Only an exact repetition of the lines from the one holding "シャワーを浴びた葡萄は発酵前" to the end of the data is wanted, with pictures left out.

== Raw data ==
++++++++
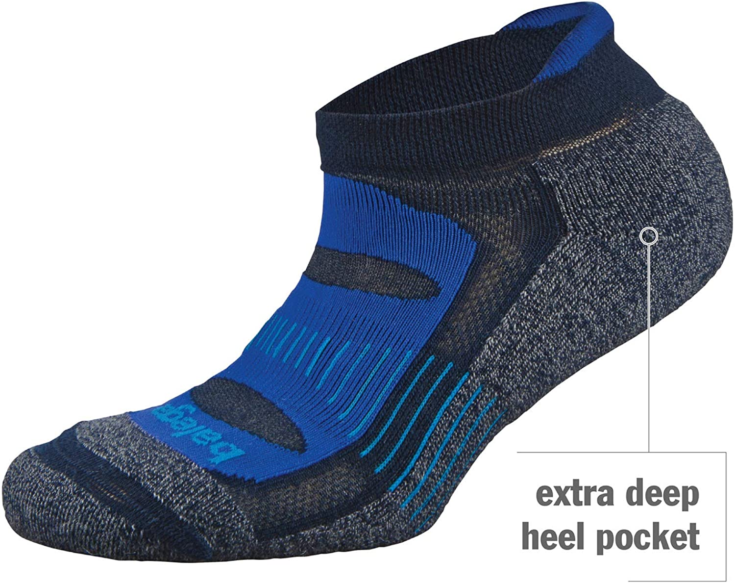 Balega Blister Resist No Show Socks for Men and Women blend the best of nature and technology, by combing natural and synthetic fibers for ultimate anti-blister performance. Soft, durable, natural mohair is known for being anti-friction, strong, shrink-resistant, while proprietary Drynamix, along with specially constructed mesh ventilation panels, wicks moisture away from the skin to keep feet dry. Together they make an exceptional, race-tested sock that protects even the most sensitive skin against sheer friction blisters. The seamless toe box minimizes chafing across the top of the foot, and a high heel tab and extra deep heel pocket ensure that socks won’t slip down into shoes during walks, runs, and hikes. The Balega Blister Resist No Show Socks features high-volume cushioning for comfort during extended activity.
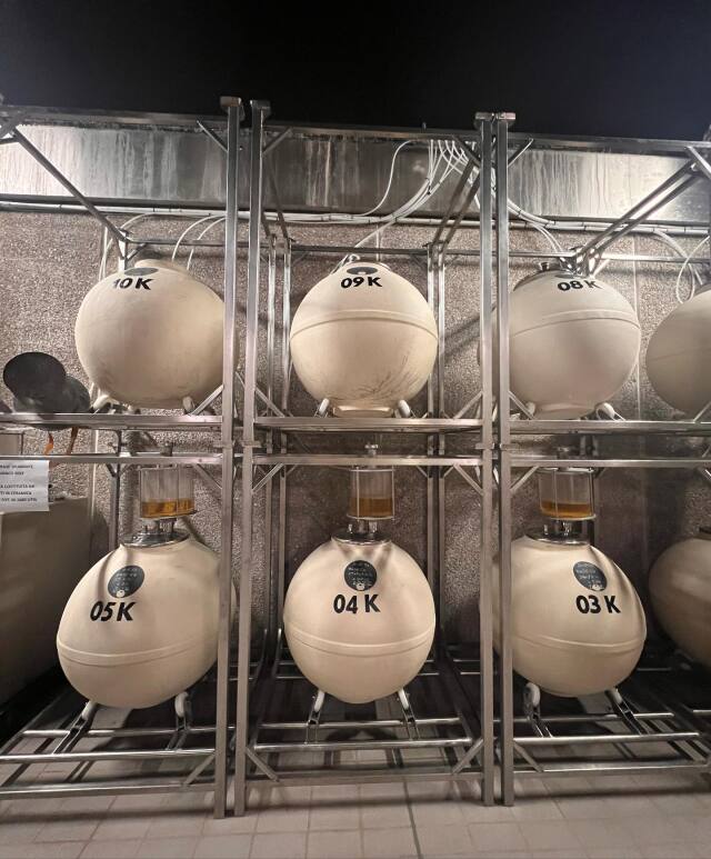 シャワーを浴びた葡萄は発酵前に冷蔵庫で6度まで冷やされる。この作業で葡萄に住みついた虫を除去することができる。
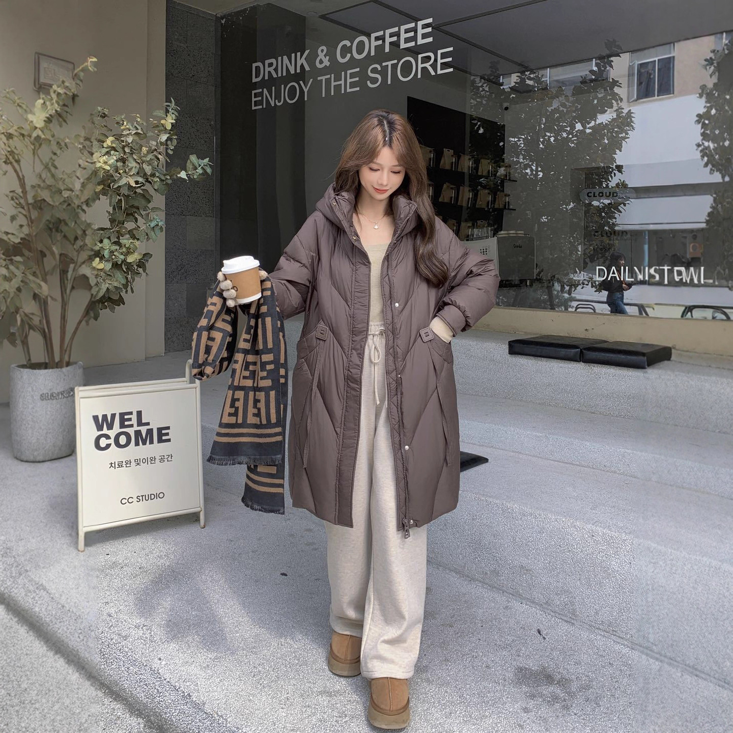 2026泡芙轻奢高端90鹅绒服洋气韩版时尚宽松长款连帽鹅绒服女加厚
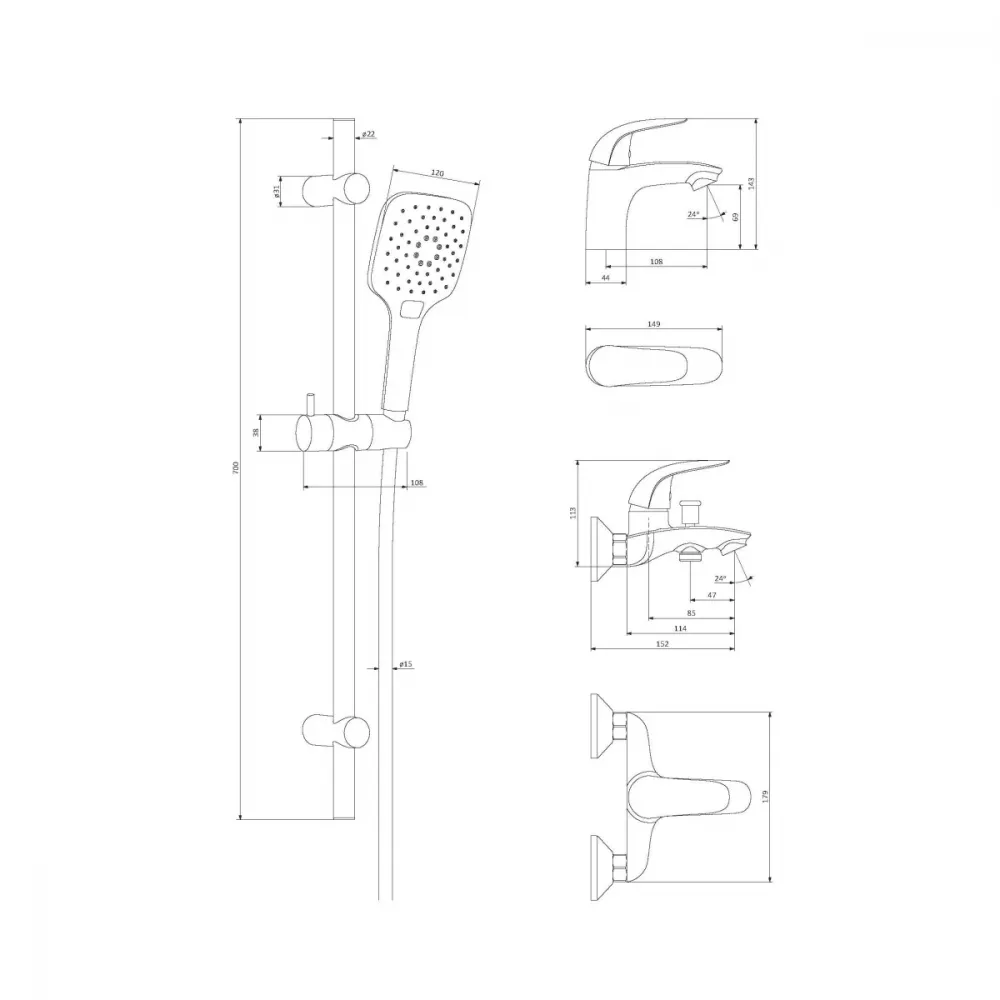 Крепление, Аэратор, Гибкая подводка, Металлическая розетка, Эксцентрики, Душевой шланг, Душевая лейка, Держатель для душевой лейки, Смеситель, Штанга душевая
++++++++
== Response to this task ==
 シャワーを浴びた葡萄は発酵前に冷蔵庫で6度まで冷やされる。この作業で葡萄に住みついた虫を除去することができる。
 2026泡芙轻奢高端90鹅绒服洋气韩版时尚宽松长款连帽鹅绒服女加厚
 Крепление, Аэратор, Гибкая подводка, Металлическая розетка, Эксцентрики, Душевой шланг, Душевая лейка, Держатель для душевой лейки, Смеситель, Штанга душевая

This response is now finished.